Exercise requirements: Leaving out the pictures, write the following records exactly as they read.

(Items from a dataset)
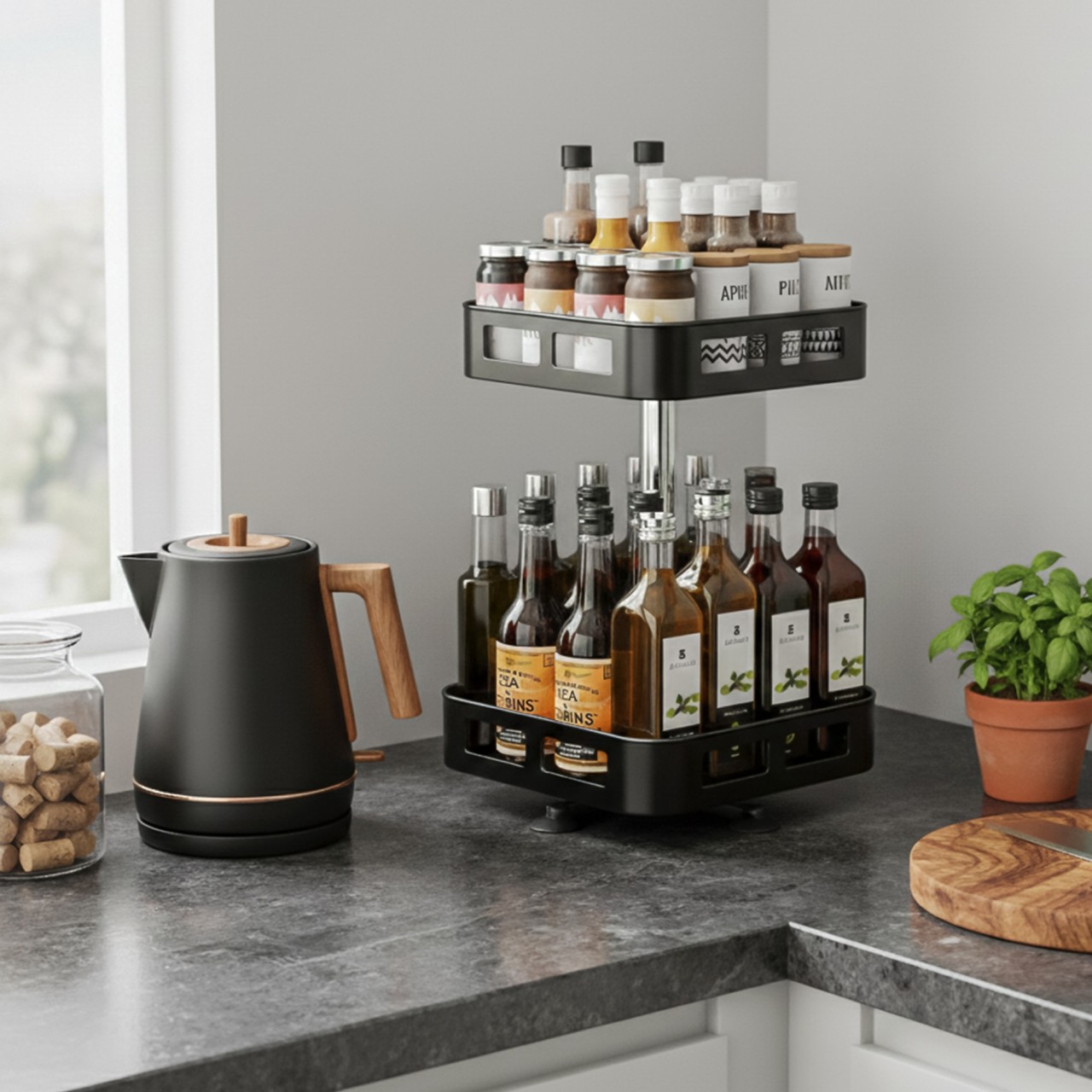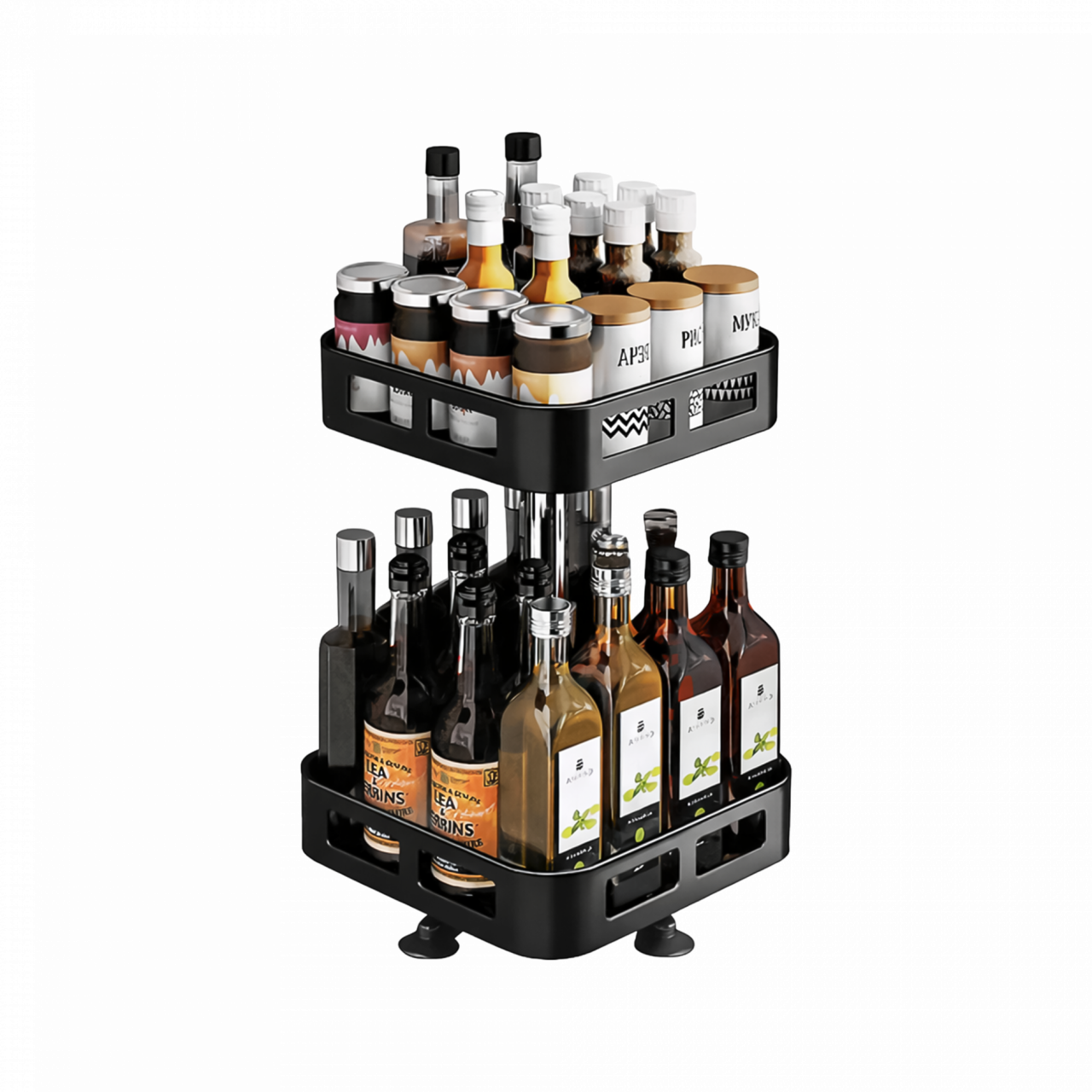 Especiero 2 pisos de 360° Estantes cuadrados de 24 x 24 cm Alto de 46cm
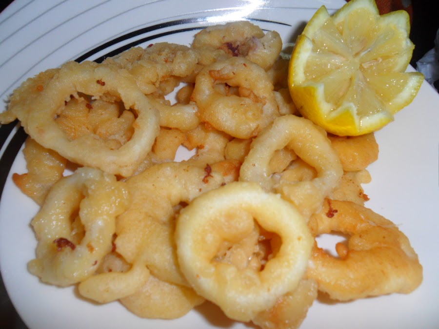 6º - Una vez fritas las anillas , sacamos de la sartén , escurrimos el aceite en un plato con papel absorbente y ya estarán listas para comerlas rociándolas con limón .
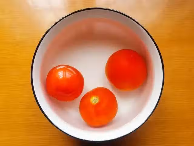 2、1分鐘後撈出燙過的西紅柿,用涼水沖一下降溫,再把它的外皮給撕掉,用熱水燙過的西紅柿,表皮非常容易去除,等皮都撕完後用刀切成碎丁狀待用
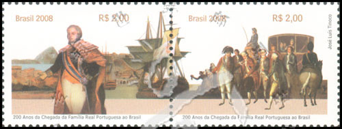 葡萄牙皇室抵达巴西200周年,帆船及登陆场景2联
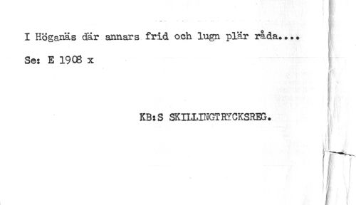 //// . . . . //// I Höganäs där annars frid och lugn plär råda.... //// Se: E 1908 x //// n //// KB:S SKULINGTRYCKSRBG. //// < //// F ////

Response:
 Especiero 2 pisos de 360° Estantes cuadrados de 24 x 24 cm Alto de 46cm
 6º - Una vez fritas las anillas , sacamos de la sartén , escurrimos el aceite en un plato con papel absorbente y ya estarán listas para comerlas rociándolas con limón .
 2、1分鐘後撈出燙過的西紅柿,用涼水沖一下降溫,再把它的外皮給撕掉,用熱水燙過的西紅柿,表皮非常容易去除,等皮都撕完後用刀切成碎丁狀待用
 葡萄牙皇室抵达巴西200周年,帆船及登陆场景2联
 //// . . . . //// I Höganäs där annars frid och lugn plär råda.... //// Se: E 1908 x //// n //// KB:S SKULINGTRYCKSRBG. //// < //// F ////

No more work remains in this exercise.